A sensible approach to marijuana legalization that protects young people
The marijuana-legalization debate can too quickly become polarized. Guest columnist Roger Roffman argues that both sides need to tone down the rhetoric at look at ways youth can be protected if adult marijuana use becomes legal in Washington state.
Special to The Times
MARIJUANA is not an entirely harmless substance, as Patti Skelton-McGougan's guest editorial pointed out ["Legalizing marijuana could hurt young people," Opinion, March 3].
Proposals to regulate and legalize its use for adults must include careful planning for how children and adolescents, who are more vulnerable to the risks posed by marijuana use, can best be protected.
But a full discussion requires not only that the proponents of change acknowledge the risks of trying a new approach, but also that those opposing change acknowledge the harms of current policies and the potential of alternative strategies. They may find it's possible to implement a policy that accomplishes both protecting youth and ending the criminalization of responsible adult marijuana use.
A legalization policy should draw from the successes and failures of alcohol and tobacco laws. In the success category, teenage alcohol- and tobacco-usage rates have declined considerably since the late 1970s. Our experience shows that prevention can work and that society can establish community norms, making clear we neither approve nor tolerate underage use. In the failure category, youth are commonly enticed to use alcohol and tobacco via relentless advertising and cheap prices.
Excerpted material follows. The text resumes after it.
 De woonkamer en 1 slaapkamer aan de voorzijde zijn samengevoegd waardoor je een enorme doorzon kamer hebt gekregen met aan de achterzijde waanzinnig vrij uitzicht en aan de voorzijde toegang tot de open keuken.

We can avoid this for marijuana. A new policy should regulate the type of advertisements that are allowed, and the product should be priced so that its cost discourages use but still undercuts the black-market dealers. By implementing the best aspects of alcohol and tobacco policy and eliminating the mistakes, we can develop a workable policy for marijuana.
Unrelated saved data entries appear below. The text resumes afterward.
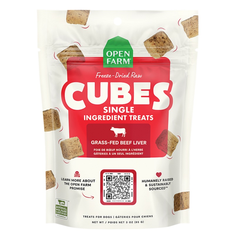 Open Farmbeef livercube treats are made with one single ingredient Grass-fedbeef liver! These simple protein-packed treats deliver an incredible taste your dog will crave perfect for serving as a reward for any occasion.As with all Open Farmproducts, our ethically sourced, farm-to-bowl ingredients are 100% traceable, and are crafted in a way that respects animal welfare and the planet.
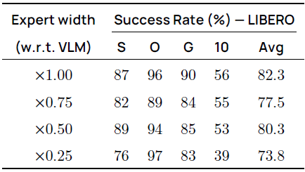 효율성 논쟁에 영감을 받아, 우리는 모델 용량이 성능에 미치는 영향을 탐구하기 위해 action expert의 숨겨진 차원을 변화시키는 것을 조사합니다.
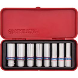 Dugókulcs készlet, hosszú, 6 szögu, fém kazettában M10-M19 8 részes 3/8"
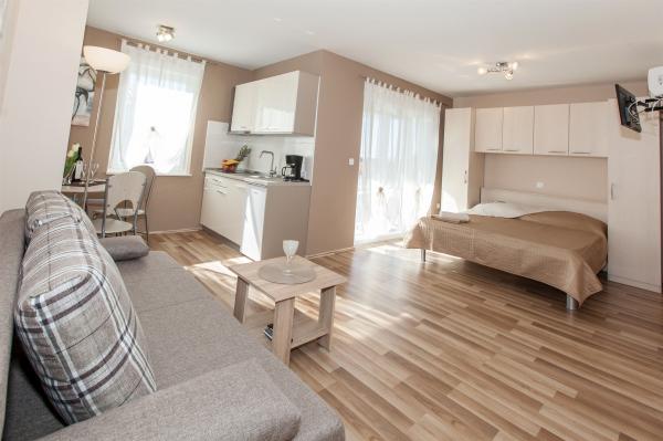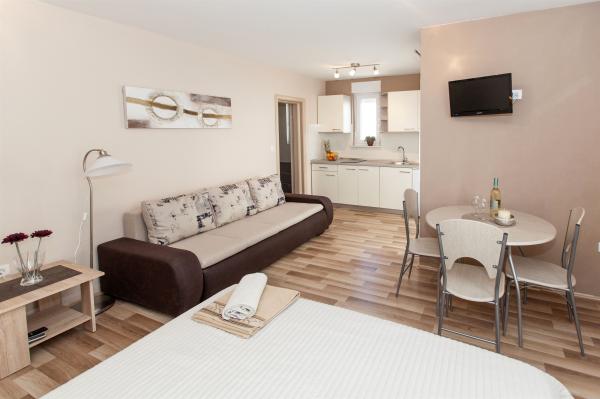 Opłata jest wliczone w cenę.Spędziliśmy w apartamencie 4 noce. Dwoje dorosłych i jedno dziecko. Właścicielom należą się wielkie brawa za czystość i serdeczność. W apartamencie jest wszystko, czego potrzeba. Plaża jest bardzo blisko. W pobliżu znajduje się również targ. Do centrum miasta można dojść przyjemnym spacerem wzdłuż wybrzeża w 10 minut. Można również wybrać się na spacer wzdłuż wybrzeża (około 2,5 km) do Selce, gdzie znajduje się przepiękna piaszczysta plaża. Na pewno wrócimy.

We can also learn from the experiences of marijuana policy in The Netherlands, where regulated "coffee shops" are allowed to sell the drug to adults. This de facto legalization did not, in itself, affect rates of marijuana use among youth.
However, rates of use among young people did increase when the number of coffee shops was allowed to increase and the age of legal access was set at 16. Encouragingly, these rates declined when the number of coffee shops was reduced and the age of legal access was raised to 18. So, it would make sense for a marijuana policy in Washington state to set the age limit at 21 and minimize the number of outlets where marijuana can be purchased.
A marijuana-legalization policy also should allow for the price of marijuana to be changed quickly to target the point that strikes the best balance between discouraging use and undercutting the black market. The newfound tax revenue from marijuana legalization should be earmarked for prevention, education and treatment programs, and be given to the most effective programs available.
Further, the new marijuana policy should be studied and evaluated from Day One and adjusted if it becomes clear that it is producing negative outcomes for youth.
Proponents of reforming the law should not imply either that marijuana is totally harmless or that legalization will have no impacts on youth. Public health and safety issues, and the need to protect children from behaviors that have heightened risks for them, are both legitimate issues which must be addressed.
Similarly, opponents of reform must acknowledge the consequences of current laws. Criminalizing marijuana use for adults has had questionable effectiveness in impacting use and abuse rates, and it has demonstrably significant costs. For simply possessing marijuana, people are jailed, get the stigma of a criminal record and lose employment opportunities. For society there are wasted criminal-justice resources, overcrowded jails and lost potential tax revenue.
If protecting youth is to be a central goal in shaping marijuana policy, both sides of the discussion should avoid polarizing rhetoric and recognize their common interest in ensuring that we treat marijuana use in the most safe and effective way possible.Roger Roffman is a professor emeritus of social work at the University of Washington and a private practitioner specializing in treating marijuana dependence.